Records for the task: Begin

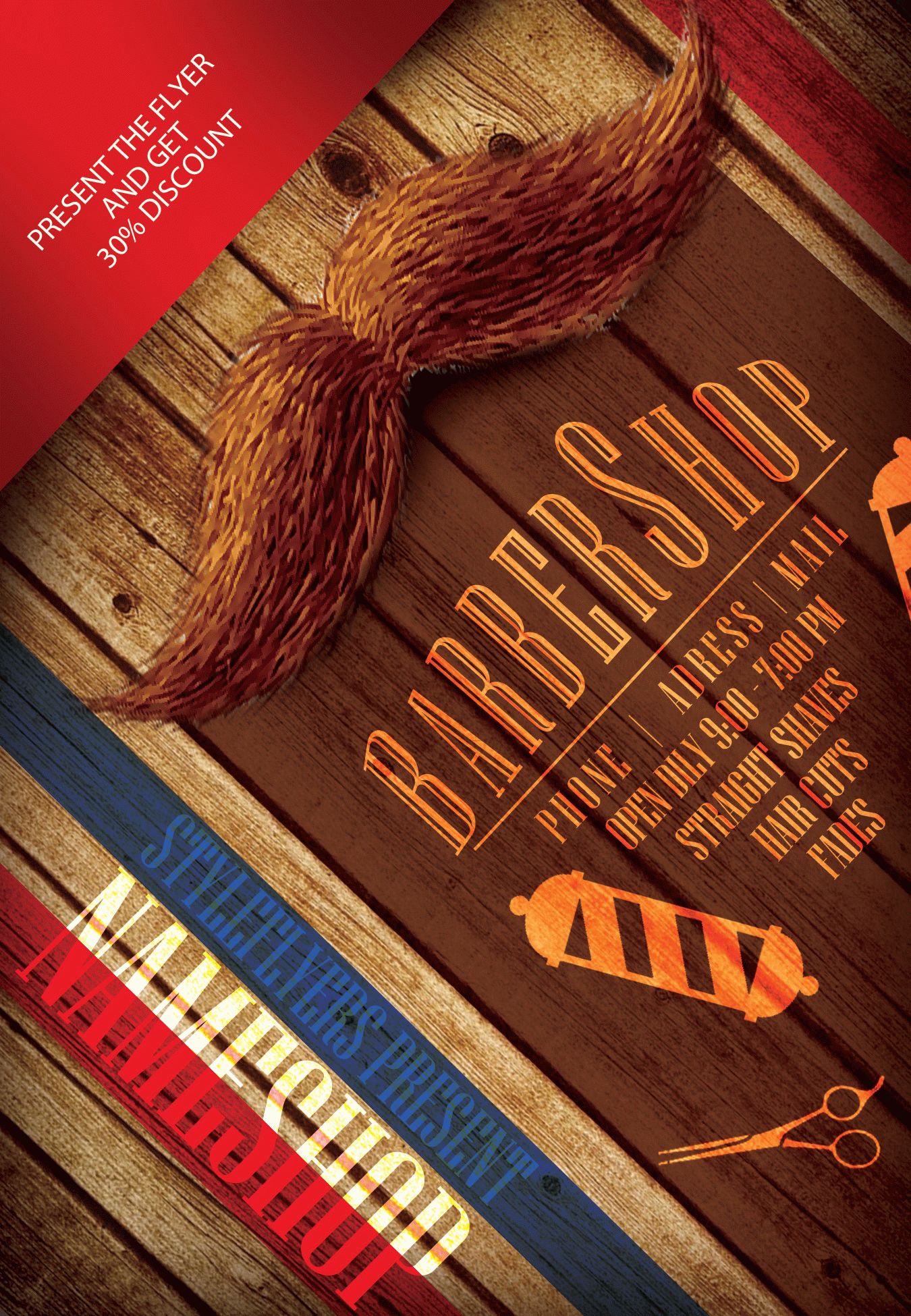 barbershop PSD Template Package – Professional PSD template. Fully layered, easy to customize, print-ready. Includes free fonts. StyleFlyers quality since 2013.
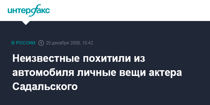Москва. 20 декабря. INTERFAX.RU - В Москве в Северном административном округе ограблен известный актер Станислав Садальский, сообщил "Интерфаксу" в субботу источник в правоохранительных органах города.
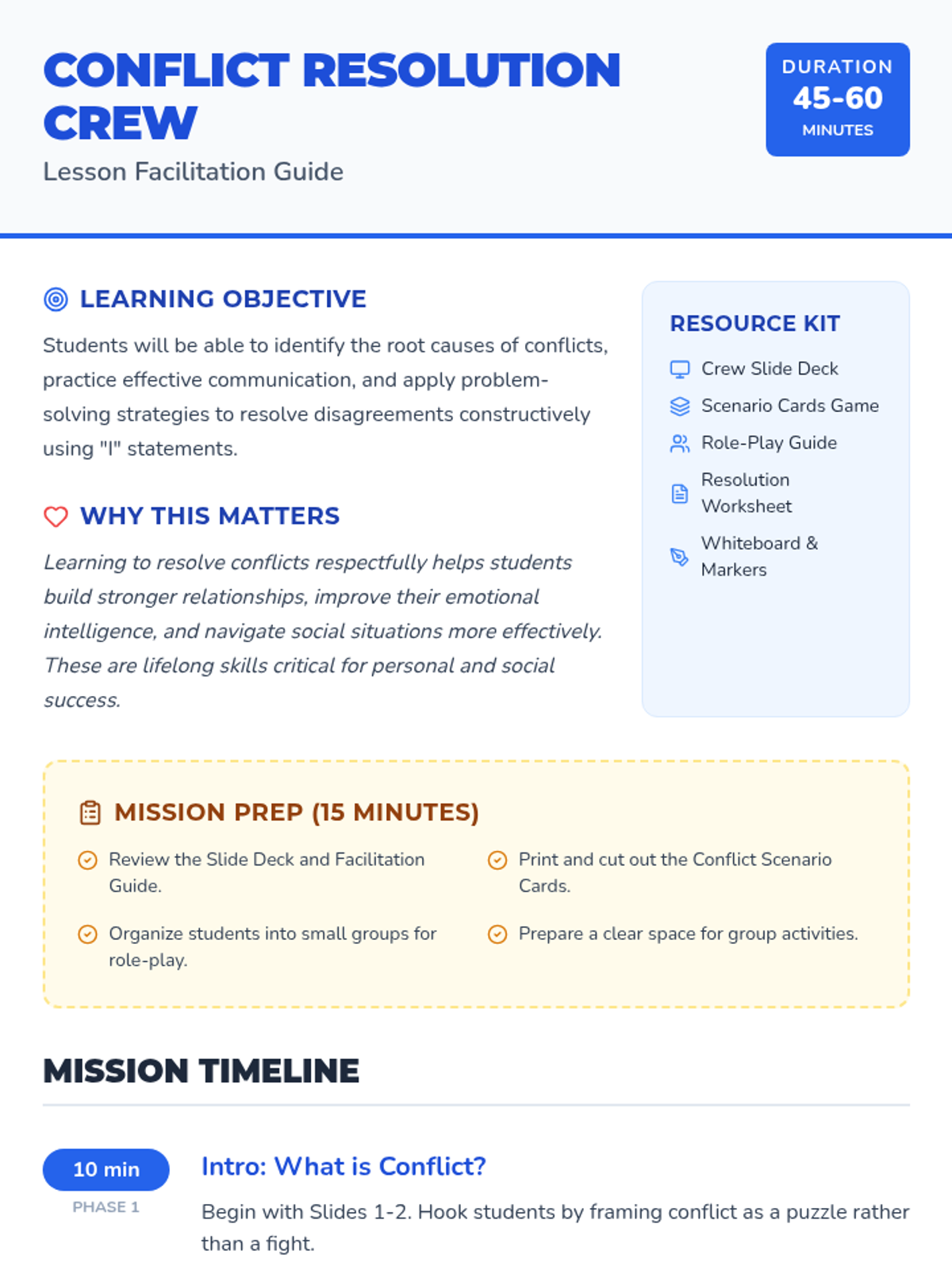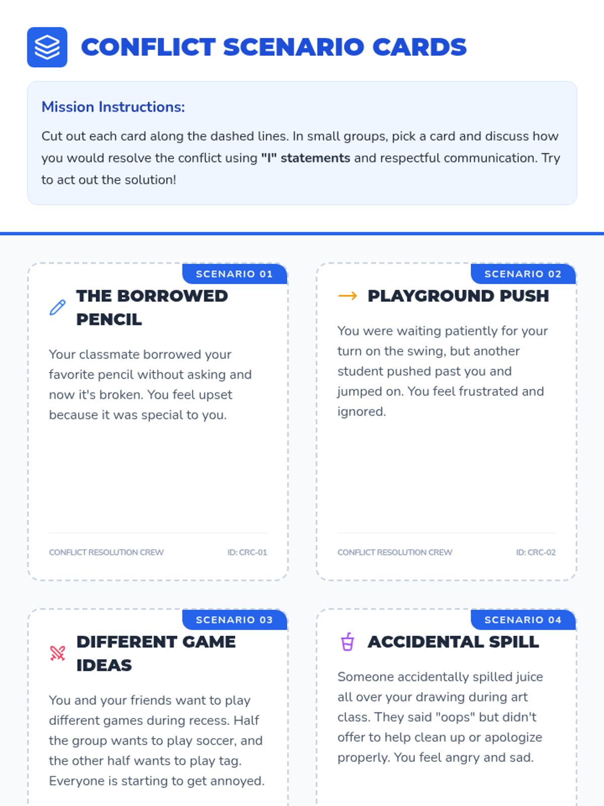 This resource empowers students to approach conflicts constructively, developing essential problem-solving and negotiation skills through collaborative activities and "I" statements.
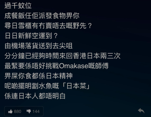 不少港人近年都鍾情食Omakase,惟大部分主打廚師發板的餐廳收費一般都較高昂,因而總會有人認為付如此高價食日本嘢「唔抵」。早前,一位港男就在討論區上以「對唔住,食Omakase嘅真係白痴」為題發文,文中不斷批評Omakase唔抵食,「過千蚊位,成餐飯任佢派發食物畀你」,又質疑「尋日雪櫃有冇賣唔去嘅野先?日日新鮮空運到?由機場落貨送到去尖咀,分分鐘已經夠時間來回香港日本兩三次」,又斥「最緊要係唔好挑戰Omakase嘅師傅,畀屎你食都係日本精神」,最後更形容Omakase為「明劏水魚嘅『日本菜』」。
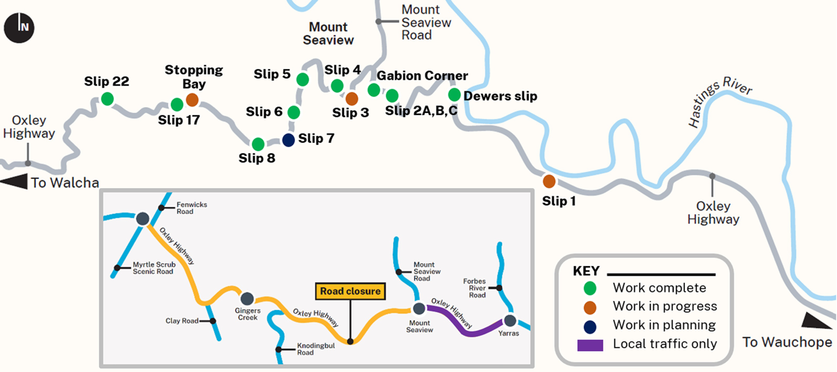 Work to repair slope and pavement damage on the Oxley Highway at Mount Seaview will be on going. Weekly road closures on the Oxley Highway will be in place until November 2025, closure times are:
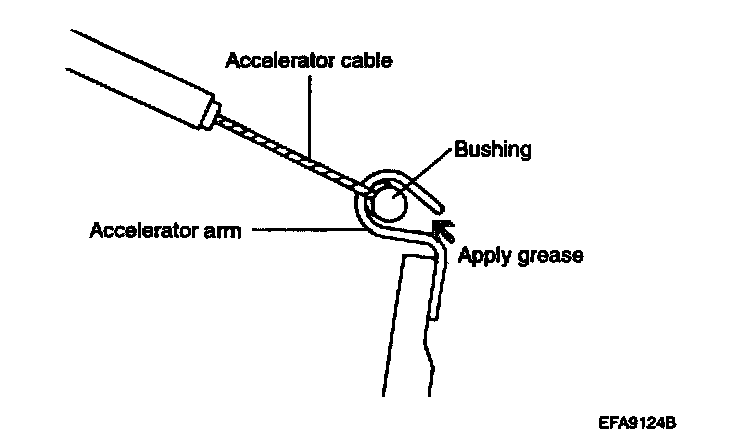 1. When installing the return spring and accelerator arm, apply multi-purpose grease around each moving point of the accelerator arm.
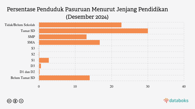 Berikut ini rincian jumlah penduduk Kabupaten Pasuruan, Jawa Timur menurut jenjang pendidikan per Desember 2024.
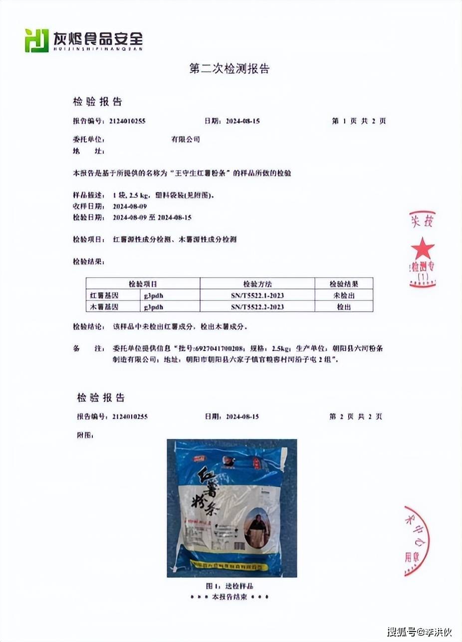 灰烬发帖称先后三次将东北雨姐销售的红薯粉条送检,结果都未检出红薯成分,只检出木薯成分。红薯粉丝厂家也自曝自家粉丝确实含有三分之一的木薯粉,但还是有红薯粉成分。
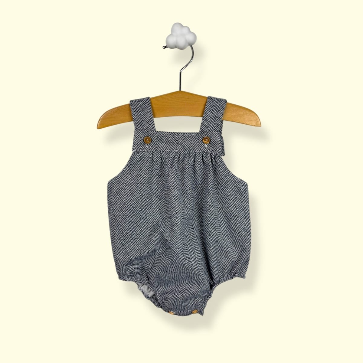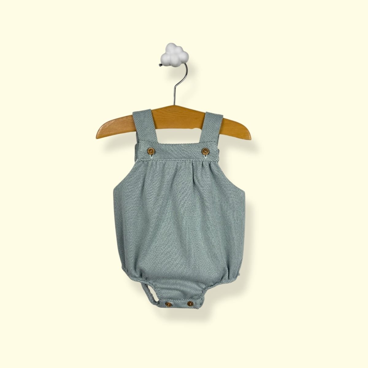 • Corte Evolutivo: Tirantes cruzados en la espalda con botones ajustables que permiten adaptar la prenda al crecimiento de tu bebé.
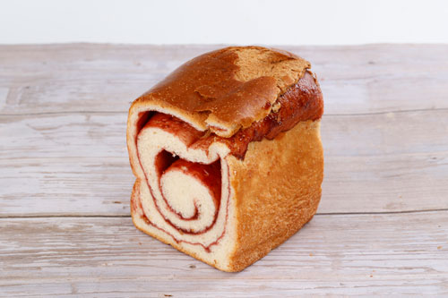 昨年12月から販売を開始した『濃い味いちごぱん』。くちどけ抜群のジャージーミルクの風味豊かな食パンに、濃厚な甘酸っぱさが特徴的なさちのかいちごジャムをひと瓶(100g)まるごと巻きこんだ贅沢なパンで、たくさんの会員さんにご好評いただいております。
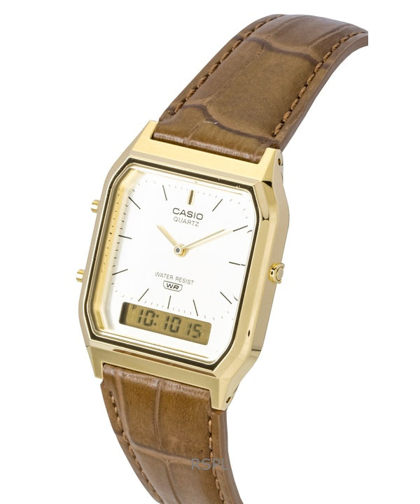 Casio Vintage analoginen digitaalinen nahkaranneke kultaisella kellotaululla kvartsi AQ-230EGL-9A unisex-kello
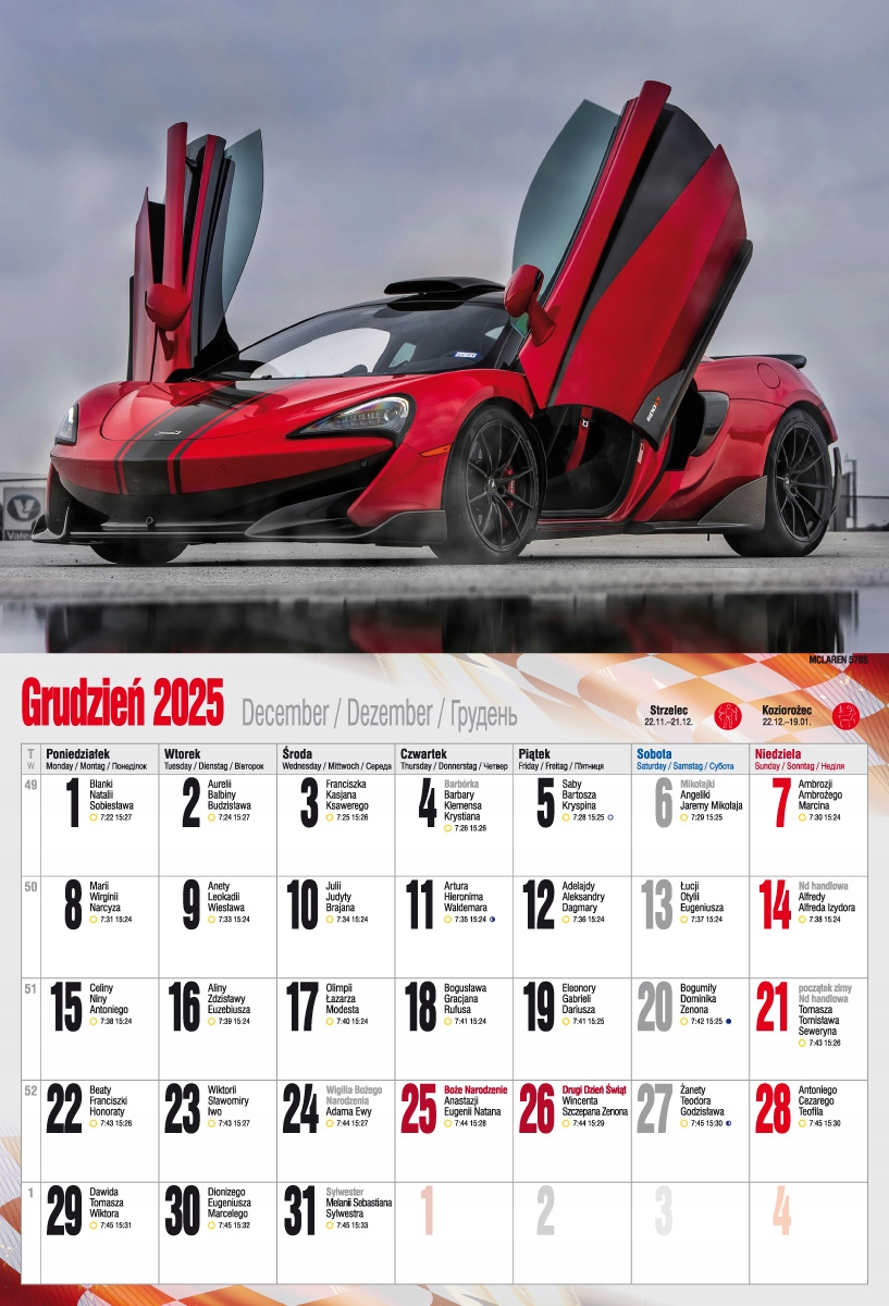 Настінний календар 2025 Super Cars спортивні машини 32x47
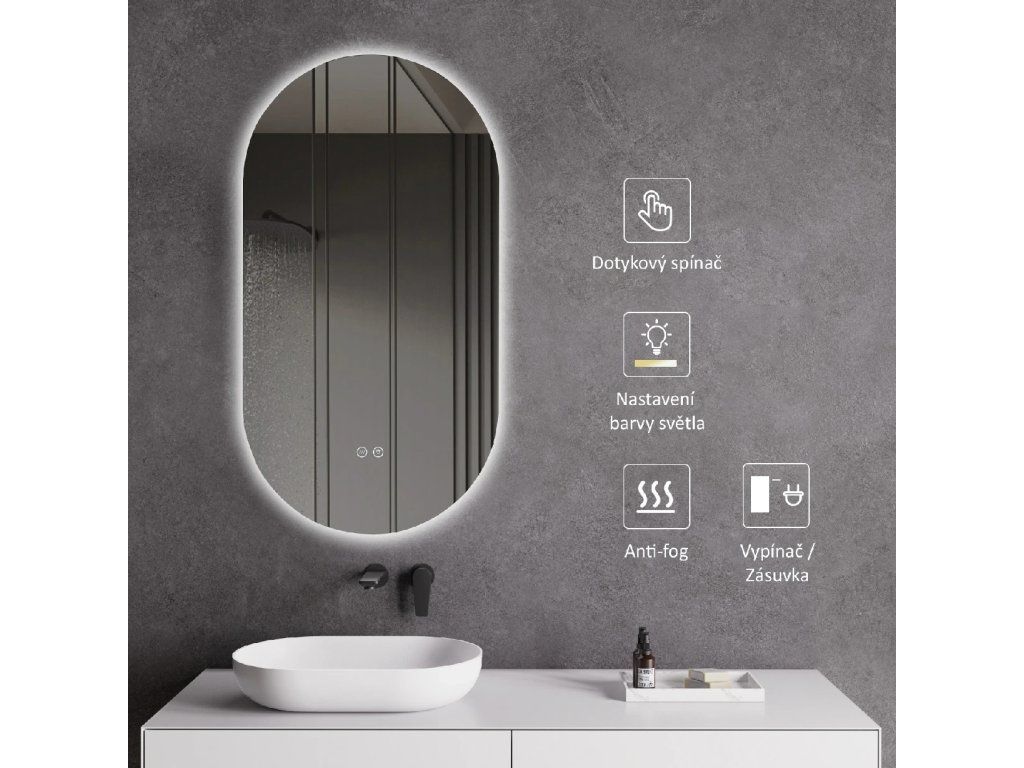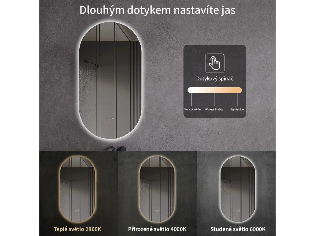 Zrcadlo je vybaveno LED osvětlením s nastavitelnou barvou světla – od 2800K (teplá) do 6000K (Neutrální). Poskytuje intenzivní a jasné osvětlení pro detailní péči i příjemné a jemné světlo pro relaxaci. Díky širokému rozsahu teploty barev lze přizpůsobit atmosféru dle potřeby.
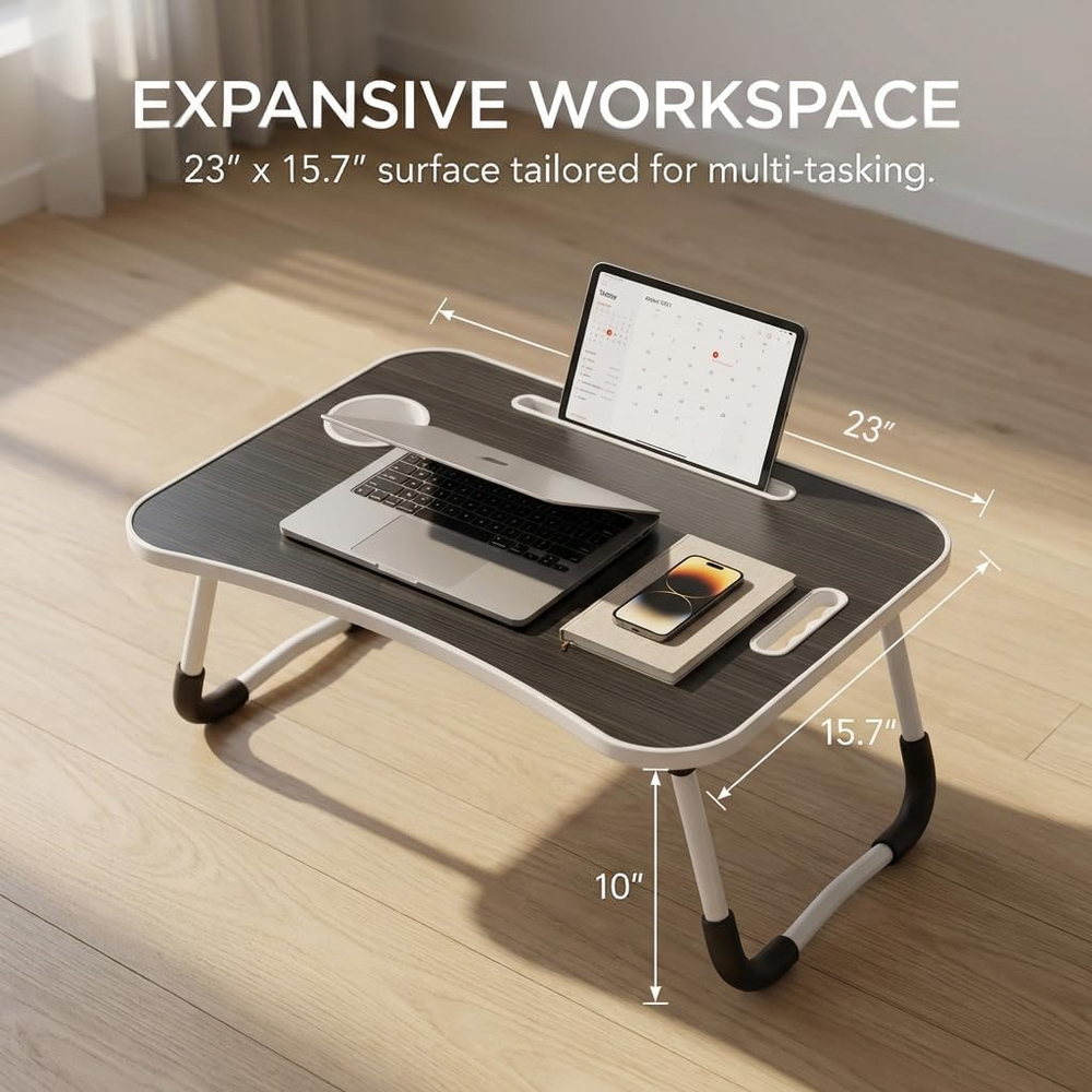 Store New Arrivals Add to Favorite View Feedback Contact Foldable Lap Desk Bed Tray Table with Cup Holder & Tablet Slot Black Description Item model number BY-LAP Deep Black Style Modern Assembly Required No Color Black-gold Material Wood Item Weight 4.76 pounds Age Range (Description) All Included Components Cup Holder, Stand Groove Special Feature Adjustable Product Dimensions 23"D x 15.7"W x 10"H PERFECT SIZE: This Laptop Bed Desk Dimensions: 23"(L)x15.5"(W)x9.65"(H). Ergonomic size and height for comfort whether you're sitting cross-legged on the sofa or lying in bed with your legs outstretched. INGENIOUS DESIGN: Foldable Lap Desk Not only comes with stand groove for iPad, phone, tablet or Kindle, but also comes with a table cup holder for great storage of cups. MULTIFUNCTIONAL LAPTOP BED DESK: Ideal for work, study, reading, watching movies, eating, on bed, sofa, balcony, floor, outdoor, etc. Widely used as laptop desk, kids bed table, dining bed tray, mini writing desk, office standing desk, book/ Tablet table, picnic table PORTABLE FOLDABLE LAPTOP TABLE:Open the table legs to use (no installation required). After use, fold this down to a compact size and store it next to the sofa or under the bed without taking up too much space. AFTER-SALES SERVICE: If there are any question about your model please free to contact with us. We will do our best to provide you with satisfactory service. Product description Our folding table, meticulously crafted to meet all your needs Experience the perfect blend of style,convenience, and durability with our folding lap desk Space-saving solution with BUYIFY versatile folding table Surprise your loved ones with a folding table – a present they’ll appreciate and use year-round! Available in multiple colors ABOUT US We offer the best prices around on high quality products. Our E-store includes media such as books, movies, music and games while offering electronics, toys, sporting apparel, clothing, tools, general home, garden items and more. SHIPPING We are always working hard to ensure your package arrives as soon as possible. Please understand that some factors like weather, high postal traffic, and the performance of shipping companies are outside of our control. We offer free shipping to the lower 48 states and ship within 2 business days of payment, usually sooner. We do not accept P.O. Boxes. Please provide a physical address. For shipping outside of the continental USA, we only use eBay's Global Shipping Program.The item is shipped to KY and then sent to the rest of the world. International customers are responsible for all duties and taxes. Continue to check out in order to calculate costs for shipping the item to your country. Messages regarding eBay's Global Shipping Program MUST be directed at eBay EXCLUSIVELY. RETURNS We offer a 30-Day Return Policy on items which you are not completely satisfied with. You have the option for a full-refund or an exchange of the item. No returns are available on items shipped outside of the USA. PAYMENT We accept PayPal. CONTACT US This page content is yet to come Please ad us to your favorite seller and visit again later Thank You CUSTOMER SATISFACTION We try our very best to make sure every customer is completely satisfied. If there's a problem, message us! We're happy to help. WE ACCEPT
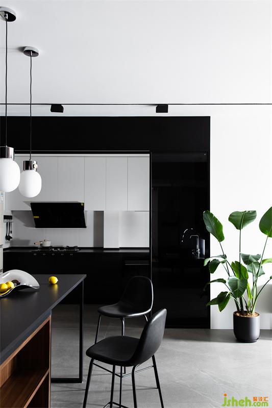 推開黑色玻璃推移門后,也足夠藏下人間煙火氣。棱角塊面分明的簡潔,半開放式的設(shè)計(jì)在考量互動(dòng)體驗(yàn)之余,也讓空間盡顯純粹、干練。

Records for the task: End

• The problem:
Starting with the first line of the data above and ending with the line containing "不少港人近年都鍾情食Omak", please restate every line exactly, leaving images out.

• Written response:
 barbershop PSD Template Package – Professional PSD template. Fully layered, easy to customize, print-ready. Includes free fonts. StyleFlyers quality since 2013.
Москва. 20 декабря. INTERFAX.RU - В Москве в Северном административном округе ограблен известный актер Станислав Садальский, сообщил "Интерфаксу" в субботу источник в правоохранительных органах города.
 This resource empowers students to approach conflicts constructively, developing essential problem-solving and negotiation skills through collaborative activities and "I" statements.
 不少港人近年都鍾情食Omakase,惟大部分主打廚師發板的餐廳收費一般都較高昂,因而總會有人認為付如此高價食日本嘢「唔抵」。早前,一位港男就在討論區上以「對唔住,食Omakase嘅真係白痴」為題發文,文中不斷批評Omakase唔抵食,「過千蚊位,成餐飯任佢派發食物畀你」,又質疑「尋日雪櫃有冇賣唔去嘅野先?日日新鮮空運到?由機場落貨送到去尖咀,分分鐘已經夠時間來回香港日本兩三次」,又斥「最緊要係唔好挑戰Omakase嘅師傅,畀屎你食都係日本精神」,最後更形容Omakase為「明劏水魚嘅『日本菜』」。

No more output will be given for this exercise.